▶ [REQUIRED WORK]: Leave out every picture and set down, exactly, the lines below from the one holding "Summary Information: Located" up to and including the one holding "Флаг 130 Сталин".

▶ [RECORD SET]:

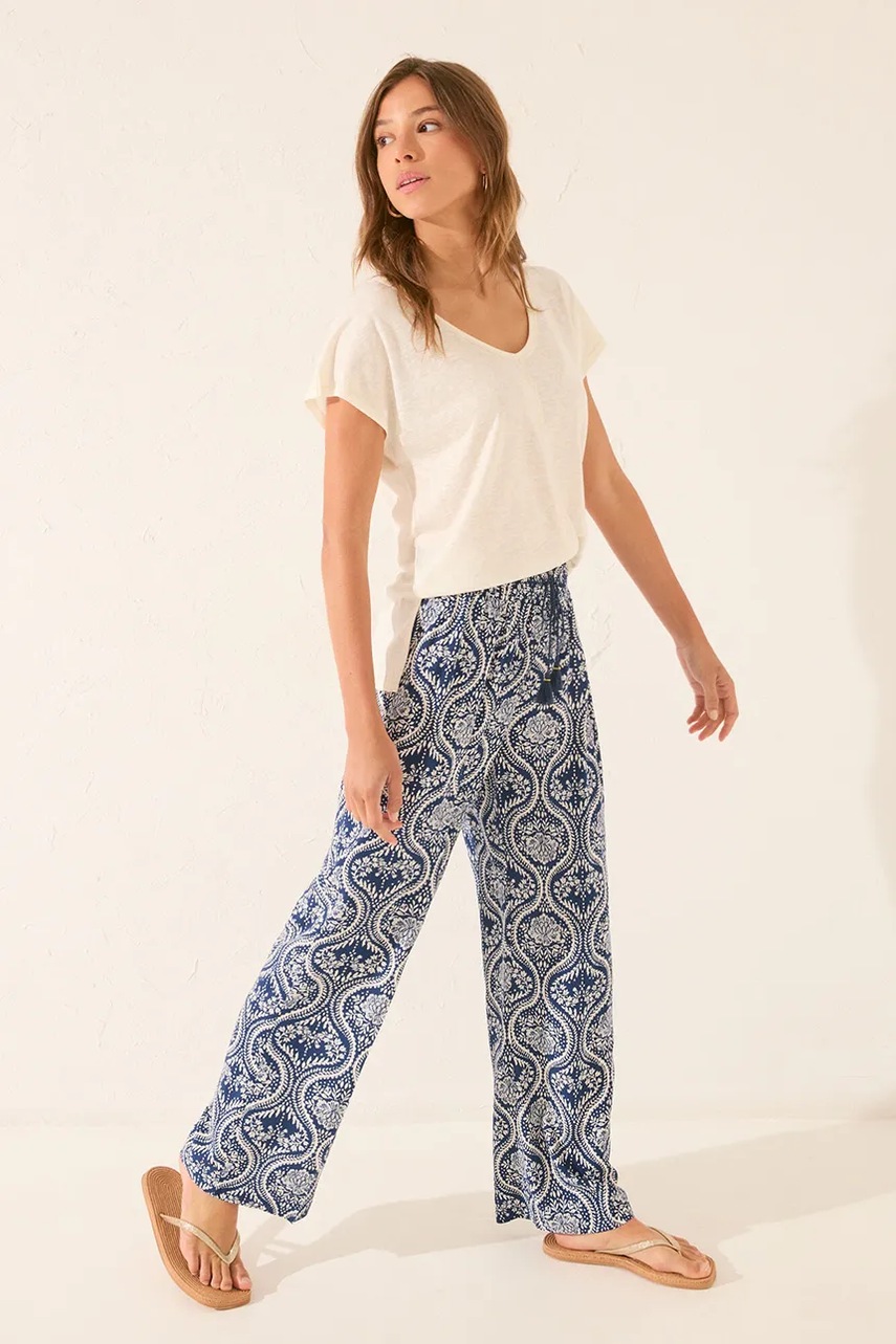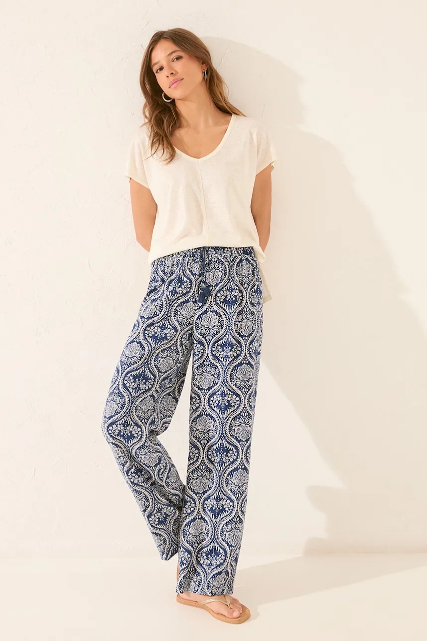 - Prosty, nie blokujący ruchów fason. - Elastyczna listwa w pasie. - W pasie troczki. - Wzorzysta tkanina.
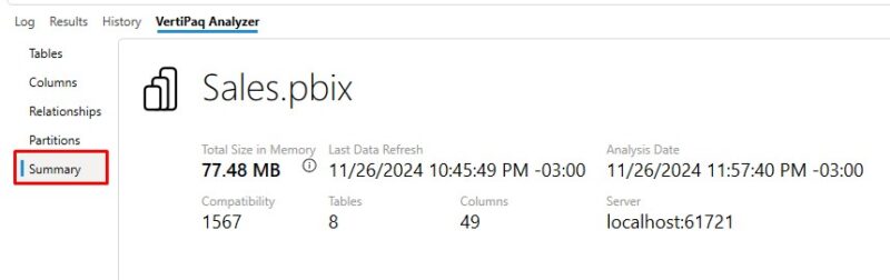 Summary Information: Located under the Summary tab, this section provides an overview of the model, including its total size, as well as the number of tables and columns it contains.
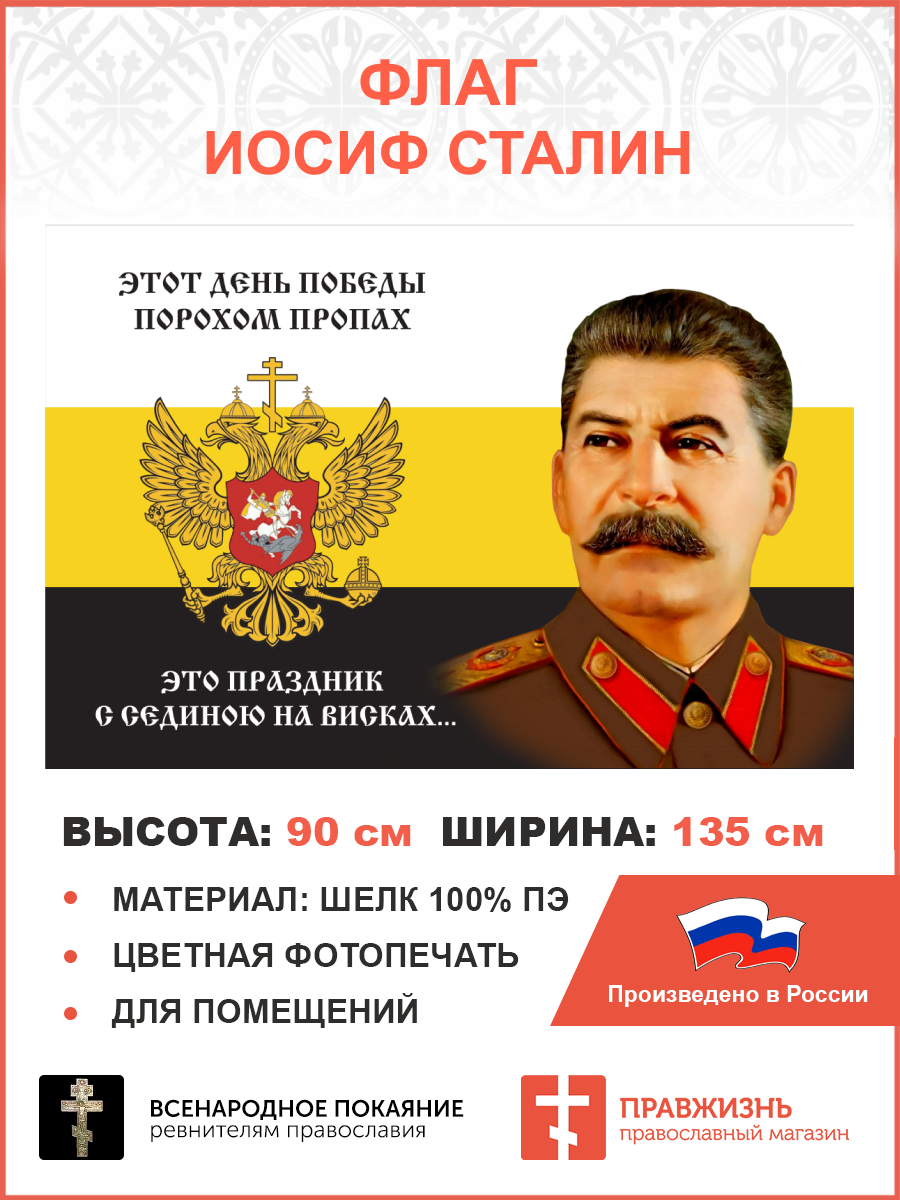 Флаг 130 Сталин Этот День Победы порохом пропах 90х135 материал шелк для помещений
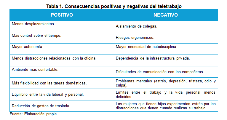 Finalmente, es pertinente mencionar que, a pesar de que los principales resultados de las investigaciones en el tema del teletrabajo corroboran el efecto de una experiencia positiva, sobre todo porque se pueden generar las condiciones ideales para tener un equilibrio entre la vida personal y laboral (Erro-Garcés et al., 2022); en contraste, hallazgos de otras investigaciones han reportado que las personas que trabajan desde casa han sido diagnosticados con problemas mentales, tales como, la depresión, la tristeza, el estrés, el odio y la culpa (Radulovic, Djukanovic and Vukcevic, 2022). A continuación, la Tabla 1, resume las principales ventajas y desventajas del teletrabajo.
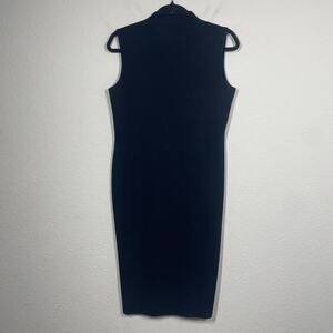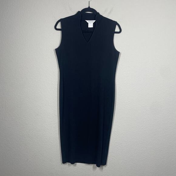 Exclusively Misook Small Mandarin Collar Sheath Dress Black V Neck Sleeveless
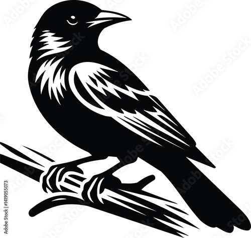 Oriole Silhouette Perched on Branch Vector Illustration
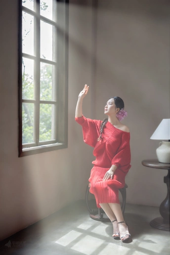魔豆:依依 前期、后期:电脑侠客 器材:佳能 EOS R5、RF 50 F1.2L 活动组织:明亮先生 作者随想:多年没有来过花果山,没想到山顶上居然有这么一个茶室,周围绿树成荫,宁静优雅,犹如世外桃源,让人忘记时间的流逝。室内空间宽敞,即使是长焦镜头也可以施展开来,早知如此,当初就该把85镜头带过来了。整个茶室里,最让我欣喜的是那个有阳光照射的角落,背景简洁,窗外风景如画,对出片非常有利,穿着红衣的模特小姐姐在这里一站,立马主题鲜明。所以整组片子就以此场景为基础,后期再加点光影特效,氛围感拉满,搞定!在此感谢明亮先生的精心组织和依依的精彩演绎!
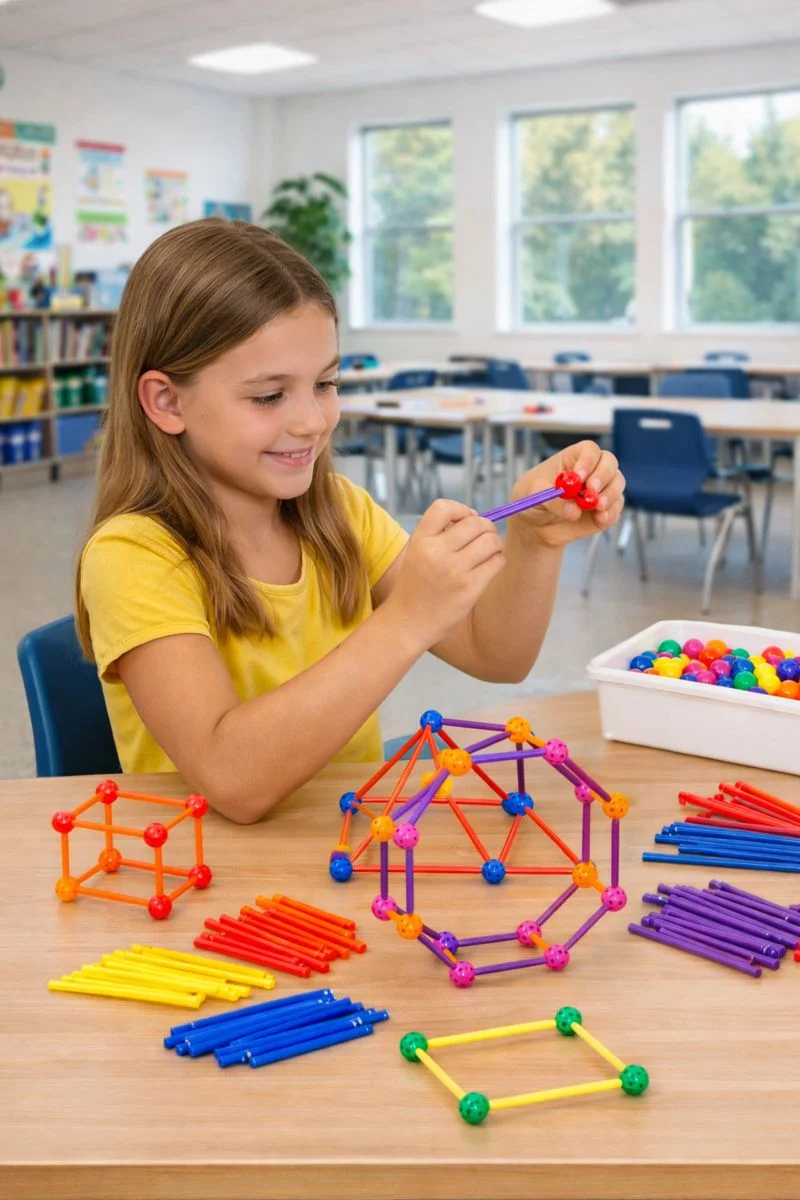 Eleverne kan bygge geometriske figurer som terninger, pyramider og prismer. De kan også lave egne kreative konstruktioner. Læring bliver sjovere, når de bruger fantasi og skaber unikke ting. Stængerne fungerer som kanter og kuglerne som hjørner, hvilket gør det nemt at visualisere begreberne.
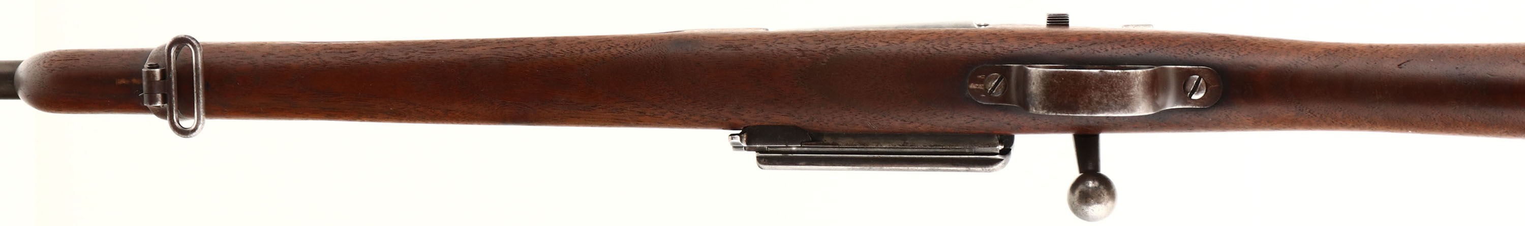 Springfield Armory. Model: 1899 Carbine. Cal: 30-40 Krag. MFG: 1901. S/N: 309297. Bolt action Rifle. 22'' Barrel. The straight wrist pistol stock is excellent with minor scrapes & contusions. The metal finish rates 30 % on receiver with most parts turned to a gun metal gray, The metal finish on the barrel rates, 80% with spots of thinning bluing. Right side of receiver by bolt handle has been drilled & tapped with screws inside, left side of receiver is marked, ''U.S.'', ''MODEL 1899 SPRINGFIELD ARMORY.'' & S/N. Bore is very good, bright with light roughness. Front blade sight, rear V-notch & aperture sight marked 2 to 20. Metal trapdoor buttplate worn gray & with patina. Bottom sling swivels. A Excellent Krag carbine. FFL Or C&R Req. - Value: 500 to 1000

▶ [ANSWER SECTION]:
 Summary Information: Located under the Summary tab, this section provides an overview of the model, including its total size, as well as the number of tables and columns it contains.
 Флаг 130 Сталин Этот День Победы порохом пропах 90х135 материал шелк для помещений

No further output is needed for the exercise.